/ParallelGlacierUploader

Upload archives to AWS Glacier using multiple connections for faster transfers

Primary LanguageJavaGNU General Public License v2.0GPL-2.0

This is an upload tool for Amazon's Glacier storage service. It is based on
Amazon's example Java code, but implements parallel uploading of archive chunks
in order to increase the effective upload speed.

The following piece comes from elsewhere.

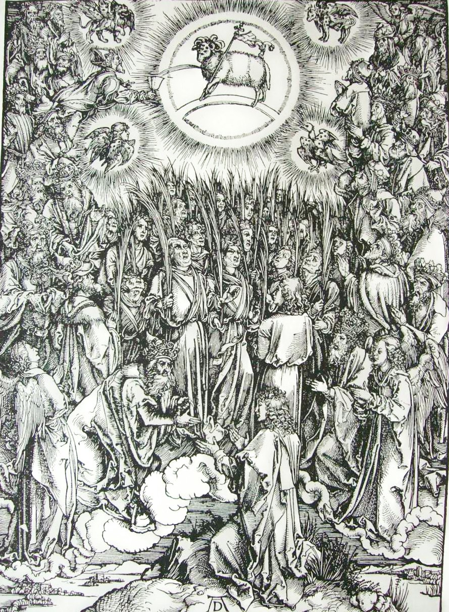 La Adoración de los Elegidos en el Cielo."Después miré y había una muchedumbre inmensa, que nadie podría contar, de toda nación, razas, pueblos y lenguas, de pie delante de trono y del Cordero, vestidos con vestiduras blancas y con palmas en las manos... Y todos los Angeles que estaban en pie alrededor del trono, de los Ancianos y de los cuatro Seres, se postraron delante del tron, rostro en tierra, y adoraron a Dios".

In my testing of the service immediately after its announcement, the upload of
a single chunk never went faster than 150KBps, hugely less than available
bandwidth. However, chunks can be uploaded in parallel over different HTTP
connections, potentially increasing the effective upload speed to the capacity
of your uplink.

This is a rudimentary command line tool; some knowledge of building and running
Java projects is required to use it.

Building:

First install Eclipse (http://www.eclipse.org/downloads/) and the AWS Toolkit
for Eclipse (http://aws.amazon.com/eclipse/). Follow the instructions at
http://docs.amazonwebservices.com/amazonglacier/latest/dev/using-aws-sdk-for-java.html
to create a new AWS Eclipse project, then copy ParallelGlacierUploader.java
into the project workspace. Enter your AWS credentials into
AwsCredentials.properties, then adjust the vaultName and maxThreads constants
to appropriate values for you. maxThreads should be set based on an empirical
measurement of your upload speed to Glacier, and the upstream speed of your
network connection. For example, if you have a 10MBps upload speed and
typically can upload at 128KBps to Glacier, maxThreads should be set no higher
than 80.

Running:

To run from within Eclipse, enter the path to your archive file as a command
line parameter under Run | Run configurations | Arguments, then click Run. The
progress of the upload will be printed in the Console tab.

Notes:

* Since this may still be a long-running process, the program attempts to
  conserve memory by using the smallest chunk size that Glacier will allow and
  only keeping in-flight chunks in memory at any time. But of course, more
  parallel threads means more memory.
* This process does not appear to cause problems with the API, however, Amazon
  might not like it. Review the terms of service yourself before trusting your
  data.
* Retrieval of an archive created this way has not been tested. Caveat emptor.
* The program is not particularly robust; if an error occurs, everything is
  aborted. Retries and recovery of partially completed uploads are not
  implemented.